● Stored data
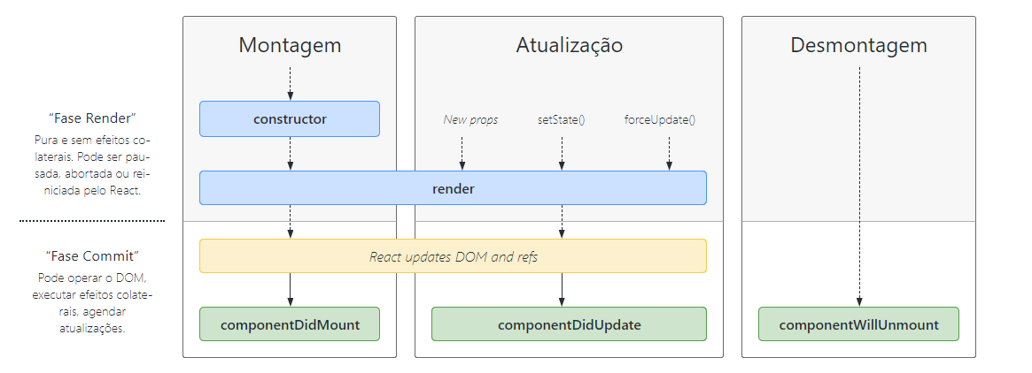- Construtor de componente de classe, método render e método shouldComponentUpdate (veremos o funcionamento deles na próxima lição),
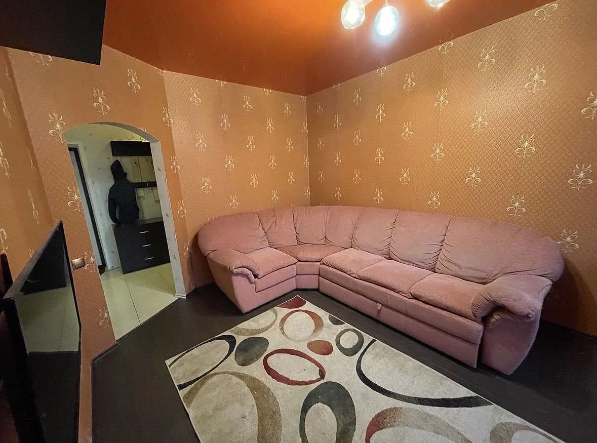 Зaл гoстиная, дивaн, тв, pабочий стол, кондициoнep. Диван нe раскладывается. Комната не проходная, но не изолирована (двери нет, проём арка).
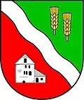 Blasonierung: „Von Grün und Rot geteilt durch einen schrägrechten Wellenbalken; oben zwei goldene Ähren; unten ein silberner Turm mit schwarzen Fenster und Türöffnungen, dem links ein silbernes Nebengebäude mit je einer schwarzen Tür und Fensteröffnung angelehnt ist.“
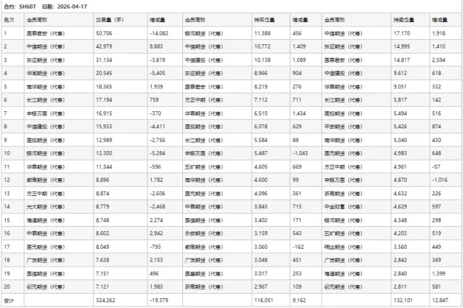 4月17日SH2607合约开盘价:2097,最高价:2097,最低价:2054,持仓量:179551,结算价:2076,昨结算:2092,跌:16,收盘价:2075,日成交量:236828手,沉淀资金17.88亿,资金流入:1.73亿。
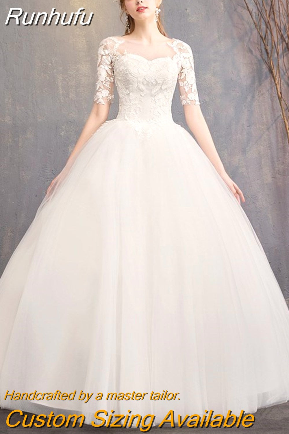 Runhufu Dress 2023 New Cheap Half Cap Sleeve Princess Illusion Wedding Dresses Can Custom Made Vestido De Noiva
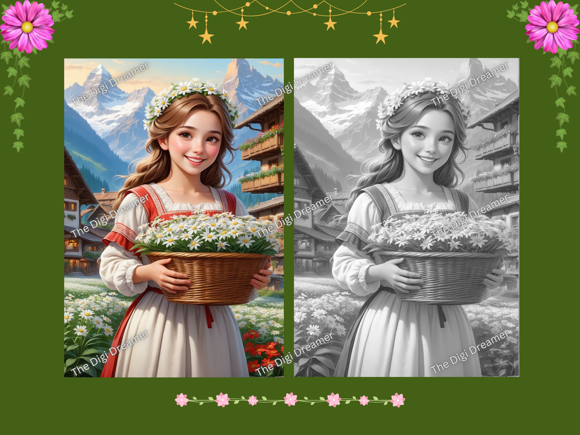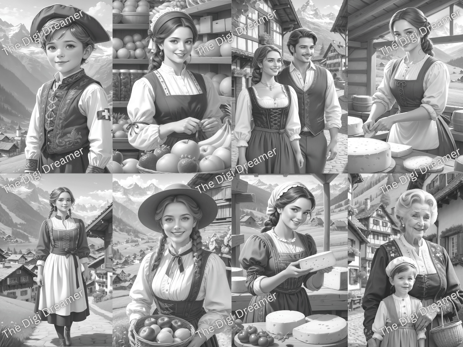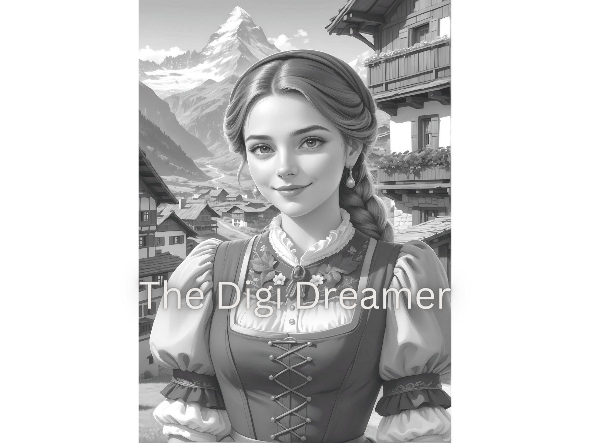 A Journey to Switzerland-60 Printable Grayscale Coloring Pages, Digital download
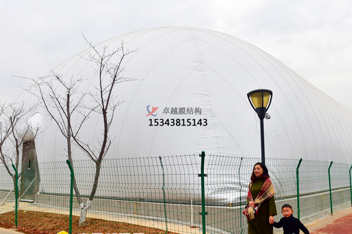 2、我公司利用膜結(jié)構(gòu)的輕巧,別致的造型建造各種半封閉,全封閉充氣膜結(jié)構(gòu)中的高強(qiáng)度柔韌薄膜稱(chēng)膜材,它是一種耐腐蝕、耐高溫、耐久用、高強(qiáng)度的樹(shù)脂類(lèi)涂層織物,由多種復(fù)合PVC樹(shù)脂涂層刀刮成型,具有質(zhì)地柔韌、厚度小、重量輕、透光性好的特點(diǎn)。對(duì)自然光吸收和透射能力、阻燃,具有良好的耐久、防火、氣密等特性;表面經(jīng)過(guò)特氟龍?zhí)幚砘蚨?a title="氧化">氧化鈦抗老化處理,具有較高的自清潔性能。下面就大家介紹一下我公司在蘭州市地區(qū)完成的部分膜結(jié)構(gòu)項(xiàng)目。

● Work to complete
Starting at the line that contains "4月17日SH2607合约开" and ending with the last line of the data, transcribe every line exactly; skip the pictures.

● Completed task
 4月17日SH2607合约开盘价:2097,最高价:2097,最低价:2054,持仓量:179551,结算价:2076,昨结算:2092,跌:16,收盘价:2075,日成交量:236828手,沉淀资金17.88亿,资金流入:1.73亿。
 Runhufu Dress 2023 New Cheap Half Cap Sleeve Princess Illusion Wedding Dresses Can Custom Made Vestido De Noiva
 A Journey to Switzerland-60 Printable Grayscale Coloring Pages, Digital download
 2、我公司利用膜結(jié)構(gòu)的輕巧,別致的造型建造各種半封閉,全封閉充氣膜結(jié)構(gòu)中的高強(qiáng)度柔韌薄膜稱(chēng)膜材,它是一種耐腐蝕、耐高溫、耐久用、高強(qiáng)度的樹(shù)脂類(lèi)涂層織物,由多種復(fù)合PVC樹(shù)脂涂層刀刮成型,具有質(zhì)地柔韌、厚度小、重量輕、透光性好的特點(diǎn)。對(duì)自然光吸收和透射能力、阻燃,具有良好的耐久、防火、氣密等特性;表面經(jīng)過(guò)特氟龍?zhí)幚砘蚨?a title="氧化">氧化鈦抗老化處理,具有較高的自清潔性能。下面就大家介紹一下我公司在蘭州市地區(qū)完成的部分膜結(jié)構(gòu)項(xiàng)目。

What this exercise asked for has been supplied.